The Americans did not make the Indians’ decision easy. Rumors of gold on the upper Yanube drew hundreds of opportunists before being quickly proved false. Even then, scores of ox-drawn freight trains bearing homesteaders continued to roll into the tribes’ territories.
Then the inevitable occurred. Lone Eagle came for me midmorning. Two wagons of settlers passing some miles south of the river had been attacked. Out-parties, drawn by the smoke, spotted the burning wagons from afar and reported that the military had arrived with Indian scouts from foreign tribes.
The affair was no concern of the Yanube—except Buffalo Shoulder had not returned from visiting a passing party of eastern Sioux. Cut Hand, with me at his side, observed from a distance as the troops rode up into the Little Island Mountains. Worried, he sent messengers to the village for more warriors. Distant gunfire reached our ears in the afternoon. We waited all day on a rise as our numbers slowly grew. There was no attempt to hide our field camp that night. Fires fed by buffalo chips signaled our presence for anyone to see. There was much sour talk around the tiospaye. Hotheads agitated to ride down and lay in ambush at the edge of the foothills. It wa
s an ugly scene, one I feared would get out of hand. I accompanied Cut in numerous rounds of the camp as he tried to talk the anger and fear out into the open and dispose of it. Few got much sleep in the dark hours.

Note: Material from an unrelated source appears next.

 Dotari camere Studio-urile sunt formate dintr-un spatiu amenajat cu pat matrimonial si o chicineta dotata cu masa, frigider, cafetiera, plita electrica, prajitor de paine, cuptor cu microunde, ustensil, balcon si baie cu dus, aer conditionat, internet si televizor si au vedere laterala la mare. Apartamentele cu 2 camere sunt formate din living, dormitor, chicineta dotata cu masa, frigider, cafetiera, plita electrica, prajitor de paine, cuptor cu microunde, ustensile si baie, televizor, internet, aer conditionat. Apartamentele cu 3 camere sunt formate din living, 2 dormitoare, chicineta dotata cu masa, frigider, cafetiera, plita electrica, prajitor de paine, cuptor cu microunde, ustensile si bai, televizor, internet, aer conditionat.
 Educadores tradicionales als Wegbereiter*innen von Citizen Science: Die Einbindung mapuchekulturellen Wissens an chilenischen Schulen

The next day the troops filed down from the mountains. Upon confronting such a large party of Indians, the commander of the outnumbered dragoons formed his men boot-to-boot in a skirmish line. Even from this distance, we could see the troops held four mounted prisoners.
“I pray he is dead,” Cut muttered in a voice meant for my ears only. He glanced at the warriors, who formed their own skirmish line. “I don’t know if I can control them if he isn’t.”

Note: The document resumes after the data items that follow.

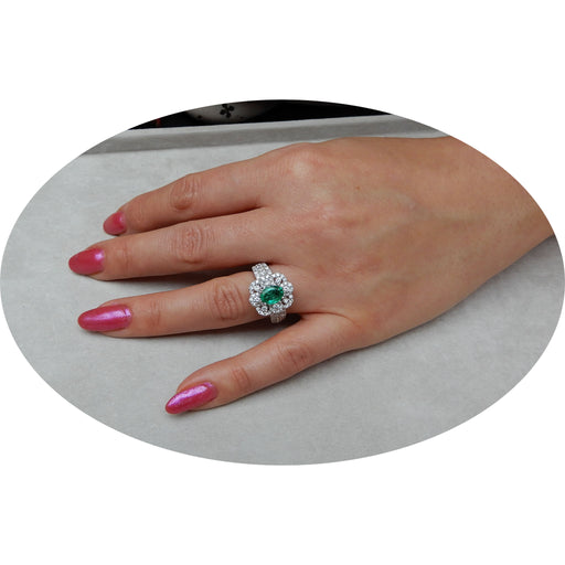 Alle gegevens bekijkenRing, Smaragd, Diamant, Platina Platina (950/000) ring met smaragd, geheel omgeven door diamanten. GERESERVEERD Slijpsel: ovaal gemengd & brilj...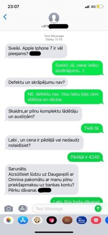 Виктор пишет на Facebook, что опубликовал объявление о продаже iPhone 7 и получил сообщение от женщины. Та сказала, что берет телефон в подарок дочери, но нужно спешить - день рождения уже в воскресенье, потому попросила отправить вещь пакоматом. Покупательница якобы была готова сделать полную предоплату, чтобы Виктор тут же выслал товар в Даугавпилс.
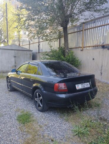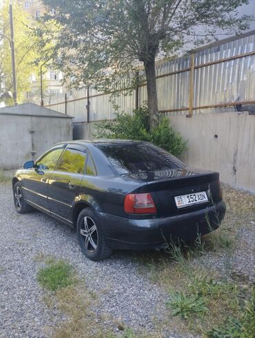 КыргызстанAudi A4 седан, черный цвет кузова. Кузов тип B5 (дорестайлинг/рестайлинг с узкими фарами), пятидверный седан. Передний бампер с интегрированной решеткой радиатора и фирменными четырьмя кольцами, галогенные фары, противотуманки в бампере. Задние фонари красные, выхлоп с одной трубой слева. Тонированные стекла по кругу. Легкосплавные диски черные с полированными спицами, всесезонные/летние шины. Зеркала и молдинги в цвет кузова, боковые повторители поворотов на крыльях. Салон — темный, 5 мест, задняя спинка со складыванием. Классическая компоновка, надежная подвеска, просторный багажник. Отлично подходит для ежедневной езды по городу и трассе. Номерные знаки KG (Кыргызстан).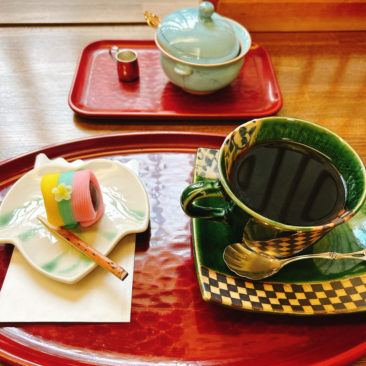 三島駅北口から少し川沿いに歩いたところに、和の甘味を味わえるお店があります。 『欅』さんをご紹介します。 今回いただいたのは、和菓子と珈琲というメニュー。和菓子はその時により違うものが提供されるとのこと。 その他にも、パスタや和の甘味等の軽食もあります。三島の湧水を使った珈琲や、料理を是非ご堪能ください。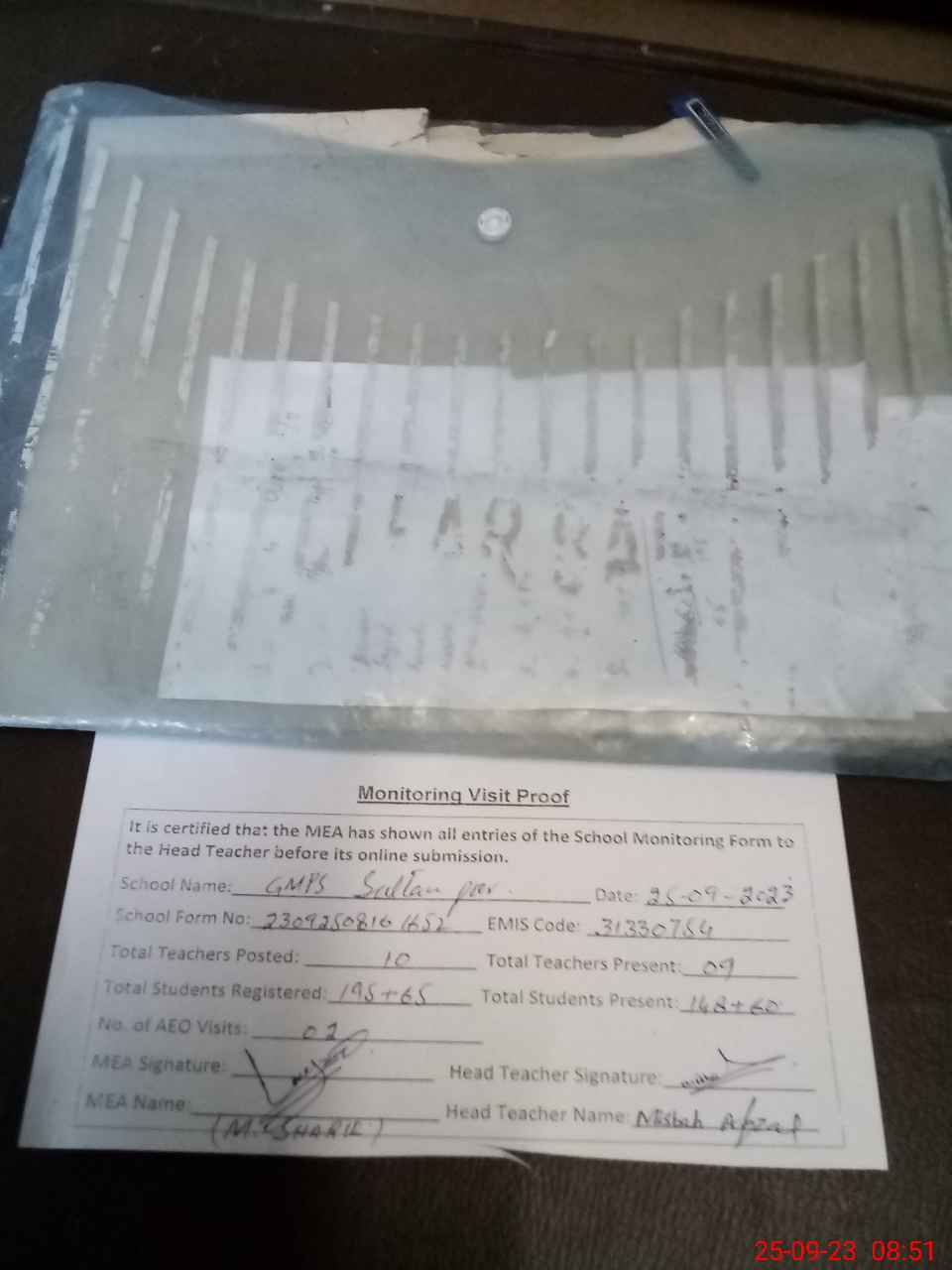 | Attendance Register | Head Teacher | MEA with School | Visit Proof |

“Do you want me to go meet them?”
“No. I want you to go with me.” He beckoned Bear Paw and Lone Eagle forward. I followed the three warriors down the slope. The line of troops halted and sat waiting. To my horror, the officer in charge was Captain Smith.

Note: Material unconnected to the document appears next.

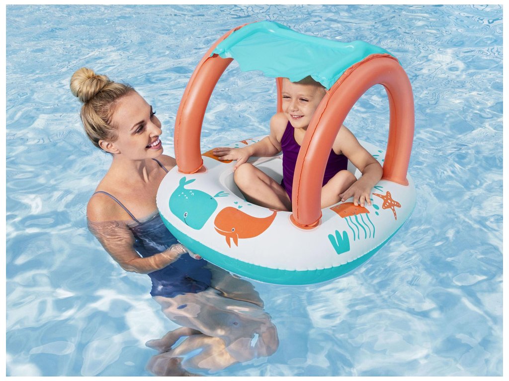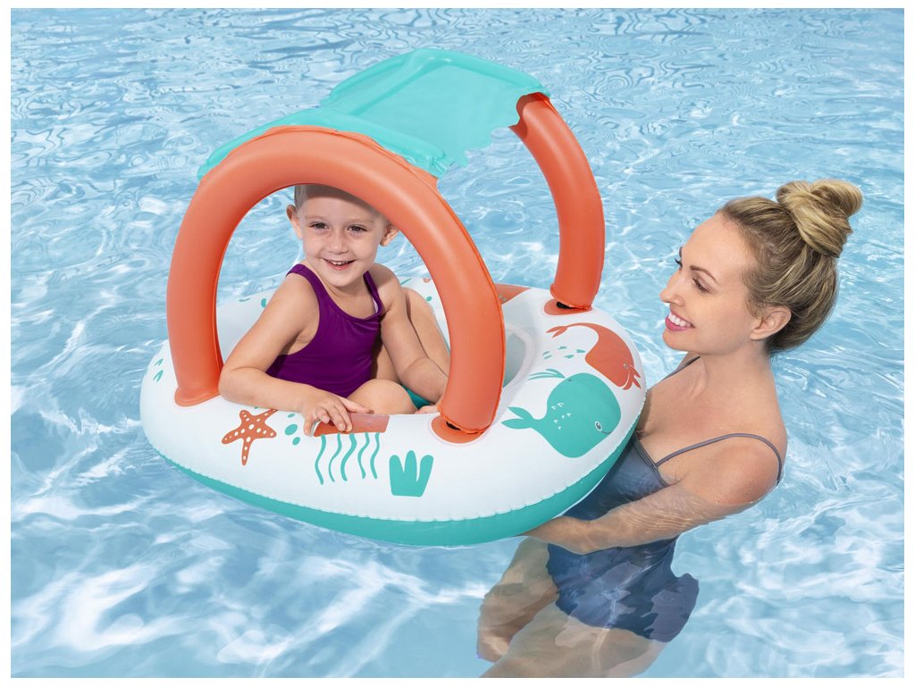 Praktická odnímatelná stříška UV Careful™ poskytuje ochranu před slunečními paprsky. děti od 3 let si budou moci užívat bezpečné vodní hrátky a zároveň budou chráněny před nadměrným slunečním zářením.

“Mr. Strobaw,” the officer said with a casual salute. “What is your business here?”
“I am here with the misco of the Yanube. He has come to see the situation for himself since these are his grounds.”
Smith turned in the saddle and gestured to his prisoners. “Are these his, as well? These fellas some of your redskins, Mr. Strobaw? Or his?”
I refused to take umbrage at his tone. “No, they are Sioux, probably Santee pushed from the east.” I pointed with my chin, Indian fashion. “Except for that one. He is a Yanube visiting the Sioux. Buffalo Shoulder is a good man.”
“A good man, eh? Do good men murder innocent white men and women? Two men, two women, and three children. All dead, all crowned.”
“The Yanube do not scalp,” I said quickly.
“No, and they don’t raid settlers, neither,” Smith answered with a sour swipe.
“We need to speak to him.”
Smith paused before giving his permission. But it was not I who nosed his pony to Buffalo Shoulder’s mount. It was his leader, Cut Hand. The captain and I halted a pace or two behind. I stood ready to translate for Smith.